Kami tiba di Beijing dengan kereta malam sangat pagi dan pemandu kami membawa kami ke Lapangan Tianamen untuk melihat pengibaran bendera nasional. Sementara yang lain menonton, saya berjalan di sekitar alun-alun, melakukan visualisasi Chenrezig dan mantra (tidak mencolok), untuk memurnikan tempat itu. Begitu banyak kesedihan.

Dalam perjalanan itu, kami bertemu banyak orang berusia akhir dua puluhan, yang lahir di awal Revolusi Kebudayaan. Mereka tidak mengingatnya, meskipun mereka telah mendengar cerita tentang penderitaan orang tua mereka dan mungkin mengingat kemiskinan. Mereka ingin melanjutkan hidup, tetapi saya masih perlu mencerna jumlah penderitaan yang dialami orang-orang di Tibet dan China sejak pengambilalihan Komunis.

Beberapa orang Singapura telah mengunjungi China pada 1970-an atau 80-an dan berkomentar tentang perubahan itu. Sebelumnya pria dan wanita sama-sama berpakaian gelap, warna polos dan berperilaku kaku dengan orang asing. Gedung-gedung dirobohkan. Sekarang pakaian berwarna cerah menerangi kota-kota yang menjemukan, orang-orang lebih santai, dan konstruksi berlimpah.

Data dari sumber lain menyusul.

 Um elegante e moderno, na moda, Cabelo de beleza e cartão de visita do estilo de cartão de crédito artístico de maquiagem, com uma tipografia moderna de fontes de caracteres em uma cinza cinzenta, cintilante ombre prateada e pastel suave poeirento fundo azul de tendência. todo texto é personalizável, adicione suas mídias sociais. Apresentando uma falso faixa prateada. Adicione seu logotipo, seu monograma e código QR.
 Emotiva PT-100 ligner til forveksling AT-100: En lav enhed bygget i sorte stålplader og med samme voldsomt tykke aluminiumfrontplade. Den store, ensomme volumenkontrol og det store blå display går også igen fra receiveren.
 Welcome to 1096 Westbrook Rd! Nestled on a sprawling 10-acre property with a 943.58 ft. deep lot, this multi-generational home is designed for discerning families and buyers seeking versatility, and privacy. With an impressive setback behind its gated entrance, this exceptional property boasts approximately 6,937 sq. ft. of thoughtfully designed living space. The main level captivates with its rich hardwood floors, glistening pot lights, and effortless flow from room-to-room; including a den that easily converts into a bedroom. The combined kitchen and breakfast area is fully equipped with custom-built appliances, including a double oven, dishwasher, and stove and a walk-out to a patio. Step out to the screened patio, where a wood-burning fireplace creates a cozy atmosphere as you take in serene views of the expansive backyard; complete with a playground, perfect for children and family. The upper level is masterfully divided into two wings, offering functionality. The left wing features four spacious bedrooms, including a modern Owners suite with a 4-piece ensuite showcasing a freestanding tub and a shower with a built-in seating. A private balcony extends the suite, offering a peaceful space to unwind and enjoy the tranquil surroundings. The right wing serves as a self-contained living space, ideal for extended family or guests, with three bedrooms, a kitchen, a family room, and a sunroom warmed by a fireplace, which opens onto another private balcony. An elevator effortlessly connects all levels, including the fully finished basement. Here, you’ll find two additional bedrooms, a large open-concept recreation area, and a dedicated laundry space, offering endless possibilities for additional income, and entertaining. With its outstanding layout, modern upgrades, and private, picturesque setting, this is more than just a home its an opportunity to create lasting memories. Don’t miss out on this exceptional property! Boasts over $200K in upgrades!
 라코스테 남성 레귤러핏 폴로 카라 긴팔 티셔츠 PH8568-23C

Namun, terlepas dari peningkatan hidup Kondisi dan kebebasan ekonomi yang lebih besar, orang tidak memiliki kebebasan seperti yang kita kenal di Barat. Saya kembali ke Amerika dengan penghargaan yang jauh lebih dalam atas karunia yang kita miliki di sini untuk dapat berpikir, berkata, dan melakukan apa yang kita inginkan. Bagi orang yang ingin mempraktekkan Dharma, kebebasan untuk mendengarkan ajaran dan berlatih adalah penting. Hal-hal kecil yang biasa saya anggap remeh—mendengarkan rekaman Yang Mulia Dalai Lama, berkunjung lama dan berbicara dengan bebas, berada di kuil yang bebas dari pengawasan polisi—memiliki makna baru bagi saya.

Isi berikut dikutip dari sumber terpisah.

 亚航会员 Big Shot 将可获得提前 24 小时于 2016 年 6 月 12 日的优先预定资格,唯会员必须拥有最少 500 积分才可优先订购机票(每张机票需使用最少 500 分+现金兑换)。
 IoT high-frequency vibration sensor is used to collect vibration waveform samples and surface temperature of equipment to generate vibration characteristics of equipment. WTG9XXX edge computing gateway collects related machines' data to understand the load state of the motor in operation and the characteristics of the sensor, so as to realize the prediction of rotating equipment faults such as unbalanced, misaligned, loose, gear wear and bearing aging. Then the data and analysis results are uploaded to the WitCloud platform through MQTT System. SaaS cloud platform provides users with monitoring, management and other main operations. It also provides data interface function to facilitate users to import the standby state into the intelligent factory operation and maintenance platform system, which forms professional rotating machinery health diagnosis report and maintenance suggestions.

Saya berdoa agar kita yang memiliki kebebasan duniawi menggunakannya untuk mencapai kebebasan pencerahan sejati dan agar mereka yang tinggal di tempat-tempat terbatas dapat bebas dari rintangan seperti itu dan dapat menikmati Dharma sesuai keinginan mereka.

Yang Mulia Thubten Chodron

Venerable Chodron menekankan penerapan praktis dari ajaran Buddha dalam kehidupan kita sehari-hari dan khususnya ahli dalam menjelaskannya dengan cara yang mudah dipahami dan dipraktikkan oleh orang Barat. Dia terkenal karena ajarannya yang hangat, lucu, dan jelas. Ia ditahbiskan sebagai biksuni Buddhis pada tahun 1977 oleh Kyabje Ling Rinpoche di Dharamsala, India, dan pada tahun 1986 ia menerima penahbisan bhikshuni (penuh) di Taiwan. Baca biodata lengkapnya.